Here's the whole thing:

pub fn lval_eval(mut v: Box<Lval>) -> BlisprResult {
    let child_count;
    match *v {
        Lval::Sym(s) => {
            let r = ENV.read()?;
            let result = r.get(&s)?;
            debug!(
                "lval_eval: Symbol lookup - retrieved {:?} from key {}",
                result, s
            );
            return Ok(result);
        }
        Lval::Sexpr(ref mut cells) => {
            debug!("lval_eval: Sexpr, evaluating children");
            // First, evaluate all the cells inside
            child_count = cells.len();
            for item in cells.iter_mut().take(child_count) {
                *item = lval_eval(item.clone())?
            }
        }
        // if it's not a sexpr, we're done
        _ => {
            debug!("lval_eval: Non-sexpr: {:?}", v);
            return Ok(v);
        }
    }

    if child_count == 0 {
        // It was a sexpr, but it was empty
        Ok(v)
    } else if child_count == 1 {
        // Single expression
        lval_pop(&mut v, 0)
    } else {
        // Function call
        // Ensure the first element is a Symbol
        let fp = lval_pop(&mut v, 0)?;
        debug!("Calling function {:?} on {:?}", fp, v);
        match *fp {
            Lval::Fun(lf) => match lf {
                LvalFun::Builtin(f) => f(v),
                _ => Err(BlisprError::WrongType(
                    "builtin".to_string(),
                    "lambda".to_string(),
                )),
            },
            _ => {
                println!("{}", *fp);
                Err(BlisprError::UnknownFunction(format!("{}", fp)))
            }
        }
    }
}

Difficulties/Hacks

  • Stub builtins

To get around LBuiltin not taking an env even though a few builtins need one. lval_eval() does have a &mut Lenv available, so it just dispathes these special cases separately.

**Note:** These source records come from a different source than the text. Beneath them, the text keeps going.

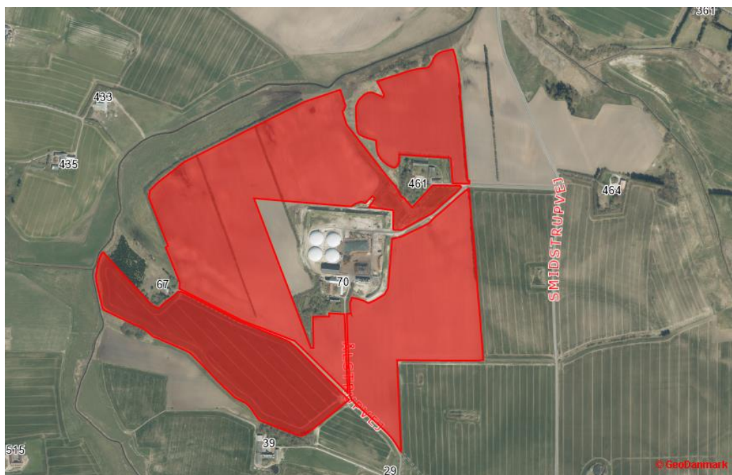
Figur 2. Angivelse af de marker, hvor der må ske udspredding af urent overfladevand fra biogasanlægget.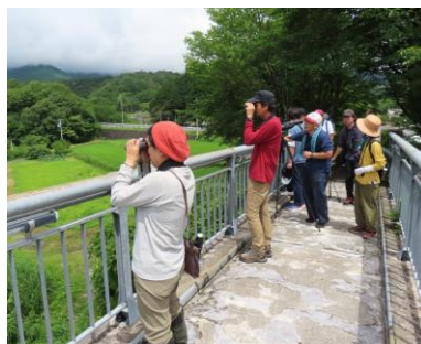
付知川 福岡ローマン橋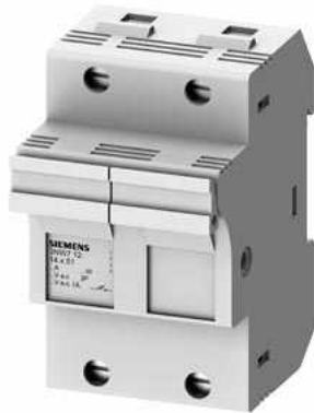
SENTRON, Zylindersicherungshalter, 14x51 mm, 2-polig, In: 50 A, Un AC: 690 V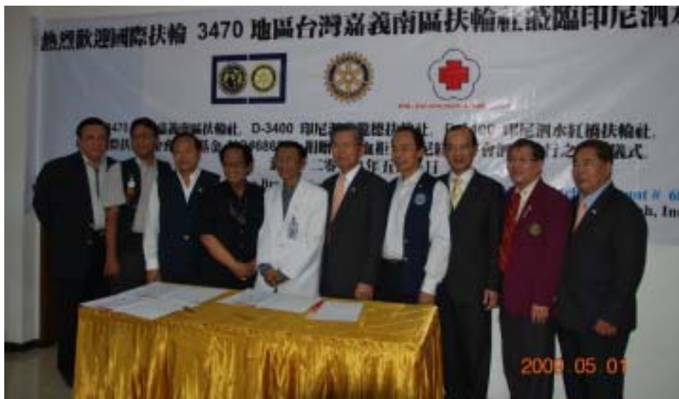
泗水紅十字會血液冷藏櫃捐贈儀式

call，前往觀日出。Bromo 山的海拔與阿里山差不多，清晨氣溫極低。我們搭吉普車在黑暗中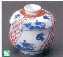
125-13-2F3 2,300円 1925269002 万暦むし碗 (8.3φ×8.5H)

This is kludgy.

  • Partially defined lambdas

The book just carried a pointer to a Lenv, nice and easy. This led me down the Rabbit Hole from Hell in Rust translating line by line. Lifetrime probels, Arc<RwLock<T>> problems, aren-astyle allocation problems - it was hairy. I enventually jsut decided to store a HashMap containing just the paritally applied formals and have lval_call handle applying them.

Scoped Environments

Arc<RwLock>>, arenas, your first core dump. The whole lifetime thing. Then...eval_builtin.

Debug for Lval

This is due to the &mut Lenv in the type of LBuiltin.